▸ **Exercise objective**:
In the records below, find the line with "Figure 12 shows" and the line with "Salvatore Ferragamo Silk". Print both exactly, along with every line between them, and no other line.

▸ **Data shown**:
★ ★ ★ ★

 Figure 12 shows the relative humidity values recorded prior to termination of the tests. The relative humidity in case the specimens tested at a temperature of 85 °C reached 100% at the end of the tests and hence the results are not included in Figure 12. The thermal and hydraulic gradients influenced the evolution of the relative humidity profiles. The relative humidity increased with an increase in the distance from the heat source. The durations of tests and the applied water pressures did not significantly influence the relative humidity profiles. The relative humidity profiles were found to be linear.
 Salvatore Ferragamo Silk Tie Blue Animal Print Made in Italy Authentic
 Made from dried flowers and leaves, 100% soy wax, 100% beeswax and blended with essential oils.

★ ★ ★ ★

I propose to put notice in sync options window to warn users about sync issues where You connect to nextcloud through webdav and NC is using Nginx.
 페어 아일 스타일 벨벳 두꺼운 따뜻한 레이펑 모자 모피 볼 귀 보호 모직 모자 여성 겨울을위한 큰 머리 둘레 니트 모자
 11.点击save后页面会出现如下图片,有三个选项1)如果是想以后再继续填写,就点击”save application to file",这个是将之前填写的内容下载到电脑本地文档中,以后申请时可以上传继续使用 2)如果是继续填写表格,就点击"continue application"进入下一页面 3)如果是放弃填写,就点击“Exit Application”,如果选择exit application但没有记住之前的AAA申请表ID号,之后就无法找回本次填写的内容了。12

★ ★ ★ ★

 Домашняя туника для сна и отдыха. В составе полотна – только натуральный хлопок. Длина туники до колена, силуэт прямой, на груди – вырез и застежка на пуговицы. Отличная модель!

★ ★ ★ ★

▸ **Answer section**:
 Figure 12 shows the relative humidity values recorded prior to termination of the tests. The relative humidity in case the specimens tested at a temperature of 85 °C reached 100% at the end of the tests and hence the results are not included in Figure 12. The thermal and hydraulic gradients influenced the evolution of the relative humidity profiles. The relative humidity increased with an increase in the distance from the heat source. The durations of tests and the applied water pressures did not significantly influence the relative humidity profiles. The relative humidity profiles were found to be linear.
 Salvatore Ferragamo Silk Tie Blue Animal Print Made in Italy Authentic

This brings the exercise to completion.